Good relationship puns

Funny Relationship Jokes Collection | Laugh Factory

good relationship puns

Relationship puns More Corny Love Quotes, Cute Quotes About Love, Coffee Love . Great Tips For Cooking Great Meals And Eating Better You can get. Somebody call the cops, because it's got to be illegal to look that good! I must be a snowflake, because I've fallen for you. I know you're busy today, but can you. These cheesy pickup lines could blossom into a relationship that's anything but Read the 25 best anti-jokes that are so unfunny they're funny. “It's a good thing I have my library card, because I am totally checking you out.

I know you're busy today, but can you add me to your to-do list?

If you were a steak you would be well done. Hello, I'm a thief, and I'm here to steal your heart. Cause I want a piece of that. My love for you is like diarrhoea, I just can't hold it in.

Are you lost ma'am? Because heaven is a long way from here. There is something wrong with my cell phone. It doesn't have your number in it.

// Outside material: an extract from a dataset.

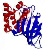 PIKKs have four domains at the protein level, which distinguish them from other protein kinases. From the N-terminus to the C-terminus, these domains are named FRAP-ATM-TRAAP (FAT), the kinase domain (KD), the PIKK-regulatory domain (PRD), and the FAT-C-terminal (FATC).[8] The FAT domain, consisting of four α-helices, is N-terminal to KD, but that part is referred to as the FKBP12-rapamycin-binding (FRB) domain, which binds the FKBP12-rapamycin complex.[8] The FAT domain consists of repeats, referred to as HEAT (Huntingtin, Elongation factor 3, A subunit of protein phosphatase 2A and TOR1).[9] Specific protein activators regulate the PIKK kinases but binding of them to the kinase complex causes a conformational change that increases substrate access to the kinase domain.[9]

If you were a library book, I would check you out. Are you a cat because I'm feline a connection between us If I were to ask you out on a date, would your answer be the same as the answer to this question? If nothing lasts forever, will you be my nothing? I'm new in town.

good relationship puns

Could you give me directions to your apartment? I must be in a museum, because you truly are a work of art. You spend so much time in my mind, I should charge you rent. My lips are like skittles. Wanna taste the rainbow? Well, here I am.

Funny and Cheesy Pick Up Lines | btcmu.info

What were your other two wishes? Are you from Tennessee? Because you're the only 10 I see! Are you a beaver? Life without you is like a broken pencil Do you want to see a picture of a beautiful person? Cause I'm lovin' it! Even if there wasn't gravity on earth, I'd still fall for you. Roses are red, violets are blue, how would you like it if I came home with you?

I wish I were cross-eyed so I can see you twice We're not socks. But I think we'd make a great pair. Your lips look so lonely…Would they like to meet mine? Are you a parking ticket? Thank god I'm wearing gloves because you are too hot to handle.

If a fat man puts you in a bag at night, don't worry I told Santa I wanted you for Christmas. I'm no photographer, but I can picture us together. Do your legs hurt from running through my dreams all night? If you were a chicken, you'd be impeccable. How much does a polar beat weight? Enough to break the ice! Are you a 90 degree angle? Cause you are looking right!

Cause you Israeli hot. On a scale from 1 to 10, you're a And I'm the 1 you need. When you fell out of heaven?

If I could rearrange the alphabet I would put U and I together. Is your name Google? Because you've got everything I'm searching for.

120 Funny and Cheesy Pick Up Lines!

Your hand looks heavy. Here, let me hold it for you. Are you from Starbucks because I like you a latte. Are you a banana because I find you a peeling. Do you like vegetables because I love you from my head tomatoes. Have you been to the doctor's lately?

good relationship puns

Cause I think you're lacking some vitamin me. Do you generate electricity with water through the process of hydro power? Do you like science because I've got my ion you.

Are you my appendix? Because I don't understand how you work but this feeling in my stomach makes me want to take you out. Do you like sales? I know this is going to sound cheesy, but I think you're the gratest.

good relationship puns

If you were a triangle you'd be acute one. Does your left eye hurt? The best relationship jokes We are already 2 years together with my girlfriend and decided to get married.

She is a dream! But there is something that bothers me! This something is her little sister… This is my future 20 years old sister-in-lawwearing a super skinny, mini skirts and short blouses.

Always lean ahead and I was often lucky to see her underwear. She never did that in front of someone else! One day she calls me and asks me to go home to see the wedding invitations. When I arrived she was alone. She also said that she desperately wanted to have sex with me just once before I marry her sister.

I was shocked and could not say a word… She said to me that she goes to bed and asked if I wanted to go up with her.

I froze and looked at her going up the stairs. Going up, she took her panties off and threw it at me. I stayed there for a moment and then ran to the door.

I opened it and I walked to the car. My future father-in-law was standing outside with tears in his eyes, hugged me and said: Welcome to the family, my son!

Always keep your condoms in your car! Then, he saw an envelope, propped up prominently on the pillow. It was addressed, 'Dad'. With the worst premonition, he opened the envelope and read the letter, with trembling hands: It is with great regret and sorrow that I'm writing you. I had to elope with my new girlfriend, because I wanted to avoid a scene with Mum and you. I've been finding real passion with Stacy. She is so nice, but I knew you would not approve of her because of all her piercing's, tattoos, her tight Motorcycle clothes, and because she is so much older than I am.

But it's not only the passion, Dad. Stacy said that we will be very happy.

good relationship puns

She owns a trailer in the woods, and has a stack of firewood for the whole winter. We share a dream of having many more children.

good relationship puns

Stacy has opened my eyes to the fact that marijuana doesn't really hurt anyone.